The empirical illustration is of course rather limited and the results may not be generalizable to other relationships. Sor further research might further investigate which kinds of research a detailed harmonization is most fruitful for, and for which kinds of research it is not worth the effort. One could, for example, additionally look at how track placement amongst respondents is influenced by parental education (where parental tracks may be even more important), or how respondents’ occupational attainment is influenced by their education (where type of education, including type of VET as measured by the extension variable ‘vettype’ may be highly relevant), but this goes beyond the scope of this paper.

The illustration is also based on ESS data that are already available with detailed education codes obtained via ex-ante harmonization.

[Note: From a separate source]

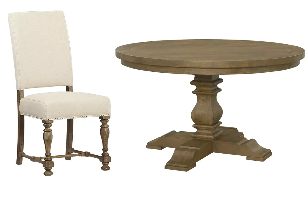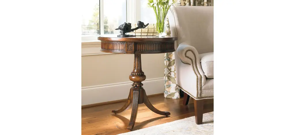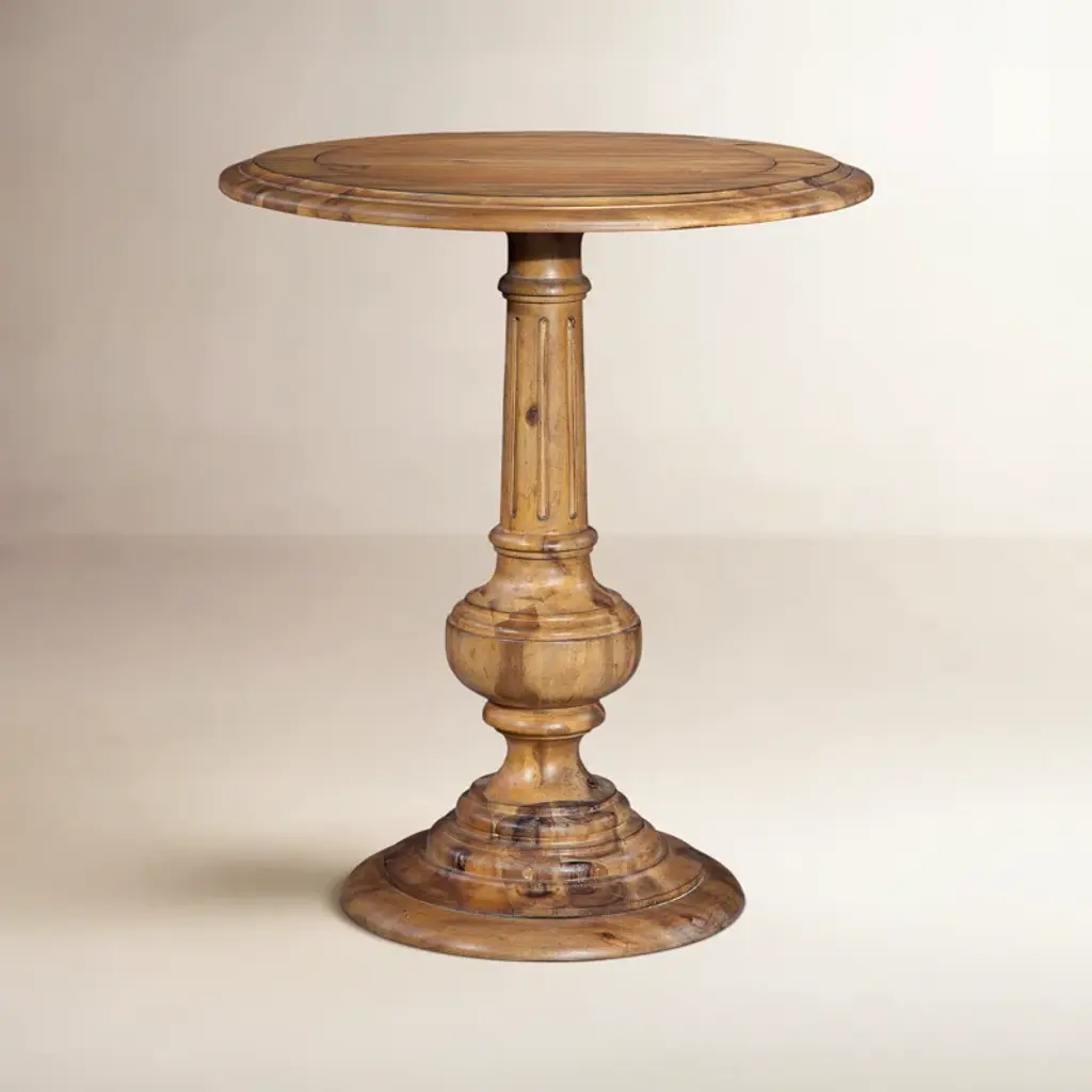 The Corey pedestal accent table is an enticing piece crafted from hardwood solids and walnut veneers.

In a next step, it would be highly relevant to employ the GISCED scheme for a real ex-post harmonization project to further study its usability and empirical value. The generalized coding framework may be most useful as a coding framework for international ex-post harmonization projects. However, national projects, especially longitudinal surveys, may find it equally useful to structure their harmonization over time given national education classifications suitable for survey use do not exist in all countries. For data producers and harmonization projects that aim to produce data that are suitable for a range of research questions, including labor market and social stratification research, the framework could be a helpful tool to standardize the harmonization of education categories across diverse sources that were not designed with cross-national or over time comparability in mind.

If the source variables already differ in their scope, e.g. one dataset only measures vocational education if this is provided as full-time schooling (like the ISSP), and another one measures all vocational education irrespective of whether the school-based element is full-time or part-time (like many surveys using ISCED), some degree of non-comparability cannot be overcome by a common code-frame that otherwise harmonizes the categories of the education variables in the respective surveys. GISCED can do nothing to remedy this but recommend the usage of harmonization controls (Slomczynski and Tomescu-Dubrow 2018) to data users, as well as adherence to the definition and guidelines for the measurement of educational attainment in official statistics, such as OECD, Eurostat (2014), to data producers.

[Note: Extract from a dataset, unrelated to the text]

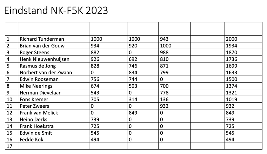Hieronder vind je alle uitslagen van de 3 wedstrijden die in 2023 zijn gevlogen.

While GISCED will allow almost every education category appearing in surveys using measures of levels of education to be harmonized with very little loss of information, it will still result in heterogeneous data if the variables to be harmonized are measured at very different levels of detail. Therefore, the general recommendation for surveys to not aggregate education categories too much already at the stage of data collection (Schneider 2008) is still highly relevant: information not gathered cannot be coded and harmonized—whether using ISCED, GISCED, derived years of education or some other form of scaling.

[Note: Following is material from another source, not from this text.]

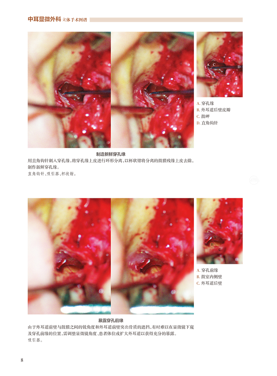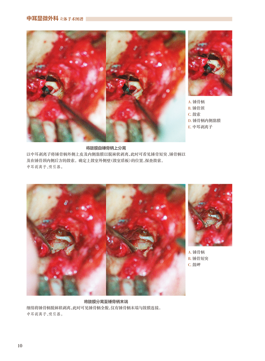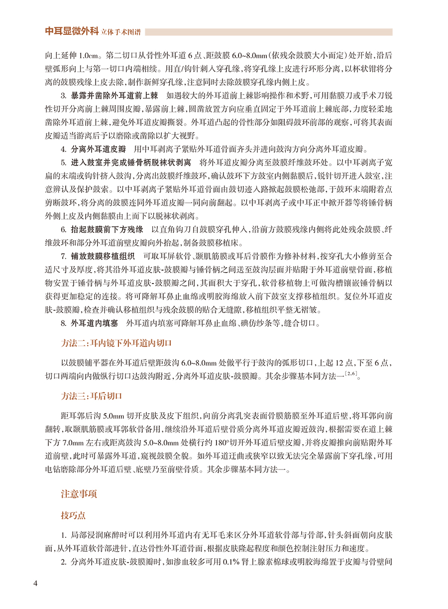 本书选择照相的手术都是解放军总医院耳外科的经典病例、由著名耳外科专家主刀。本书术式涵盖了中耳乳突常见病的显微外科手术(各型鼓室成型、乳突手术)、眩晕外科(内淋巴囊减压、半规管填塞)、镫骨外科(足板开窗)、面神经外科(面神经减压、面神经肿瘤切除神经移植)、人工耳蜗植入等。立体照片使狭窄的手术视野变得明亮、清晰、层次分明。手术照相采用拥有自主知识产权的4K3D屏前手术系统,获得极为清晰、完全立体效果的彩色图片近800张。通过附书的可折叠双眼立体镜,读者可以获得与耳科主刀术者完全一样的立体视觉效果,配合详尽的图注和文字说明,此书将成为耳科医生学习、教学的重要工具。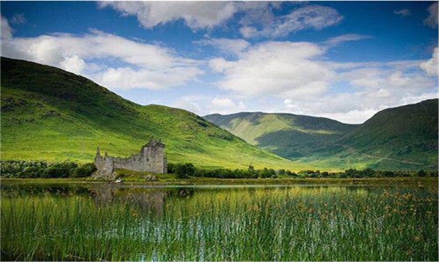 被秋天包圍的蘇格蘭Kilchurn古堡靜靜的在河邊佇立著。

It is then up to the analyst to make the most of the information provided by recoding into simpler categories that are adequate for the research question at hand, that can be used in statistical analyses. Looking at the distribution of all codes in the harmonized dataset, analysts will be better able to aggregate education variables in a substantially meaningful way for analysis than opting for just broad ISCED levels from the outset and accepting substantial information loss. Further research should look into how reliably data can be harmonized using GISCED and the proposed extension variables, and look more deeply into the substantive research potential and cross-national comparability of the resulting data compared to other harmonization schemes.